The Historic Public Market, historically known as the Old Slave Market, Old Spanish Market or Public Market is a historic open-air market building in St. Augustine, Florida in the United States. In the late 19th and early 20th centuries it was frequently photographed and marketed as a kind of "heritage tourism" landmark. In 1964 it was the site of a Third Klan-led white-mob attack on a march in support of the Civil Rights bill.

== History ==
Sited above a centrally located sulfur spring, the shelter that became the Old Slave Market may have been originally erected to shelter the town's water pump and adapted later for use as a commercial market.

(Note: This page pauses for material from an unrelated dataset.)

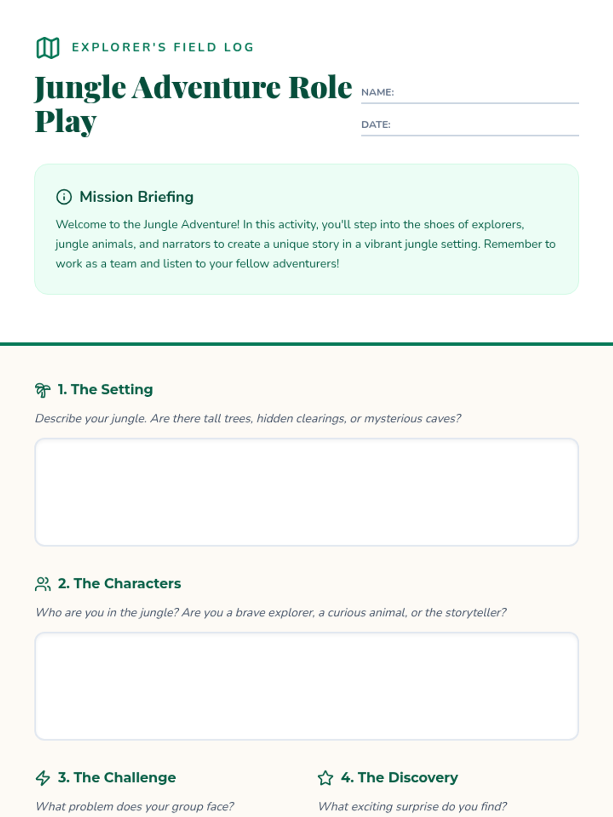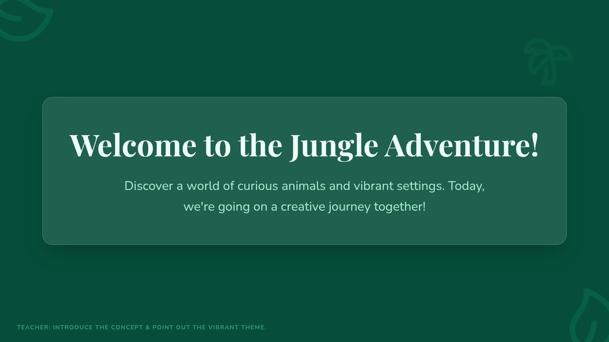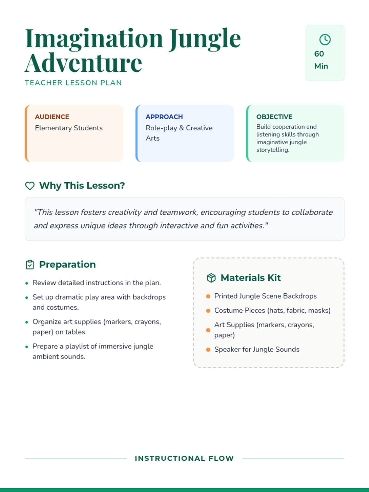 An interactive elementary lesson where students explore a vibrant jungle through dramatic play and creative arts, fostering teamwork and imaginative storytelling.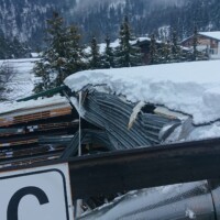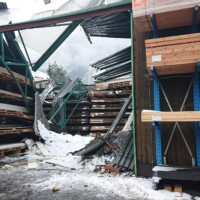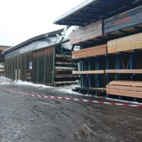 Schon bei der Meldung war klar, dass es weder verletzte noch verschüttete Personen gab. Bei Ankunft am Firmenareal sperrten wir den Bereich um die betreffende Halle großräumig ab und begannen mit der Ausleuchtung der Einsatzstelle. Bei der weiteren Erkundung unterstützte uns der Firmeninhaber mit einem Hubsteiger, damit wir uns ein Bild von oben machen konnten. In einen vorhandenen Schneestock hatte es den ganzen Tag über eingeregnet – nachdem nicht klar war, ob das Dach dieser Last nicht standgehalten hat oder ob eine andere Ursache vorlag, war ein Betreten der restlichen Dachflächen nicht möglich.

The history of the building is blurry enough that it could be used to represent "a sentimentalized past...although the St. Augustine market had been used primarily as the beef market, it was also sometimes used by auctioneers who sold real and personal estates, most likely including slaves." Beginning in the late 19th century, photographs and postcards featured the market as a quaint relic, images that often placed local African-American men in front of the building for added effect. Other residents of St. Augustine determinedly resisted the Slave Market characterization, claiming that slave sales occasionally happened near it but not in it, that Florida soil was too poor to support a slave-based agriculture anyway, and that the building had only been used for public slave whippings, not for public slave sales.

In 1883 the building was described in a tourist guide, but without much confidence: "Four years ago it was used as a meat market, but since, the Council and a private gentleman have rescued it from what must have been degrading to this proud piece of Spanish antiquity, of which very little is known. We have been told that before the war it was used as a slave market. Whenever a sale was to take place the bell in the cupola would be rung to notify the public. The reader will please understand that the compiler of this Guide does not hold himself responsible for the slave-market story, but, in the words of the old sergeant at the fort, will say: 'I'm only giving it to yeas it was given to me, d'ye moind now?'" In March 1887, the body of William W. Loring, a former Confederate general, lay in state at the old slave market for a morning. In 1887 the wooden framework of the old market house burned in the St. Augustine fire. The structure was reconstructed; in 1888 a newspaper reported, "Draymen are hauling lumber for the restoring of the old slave market in the plaza."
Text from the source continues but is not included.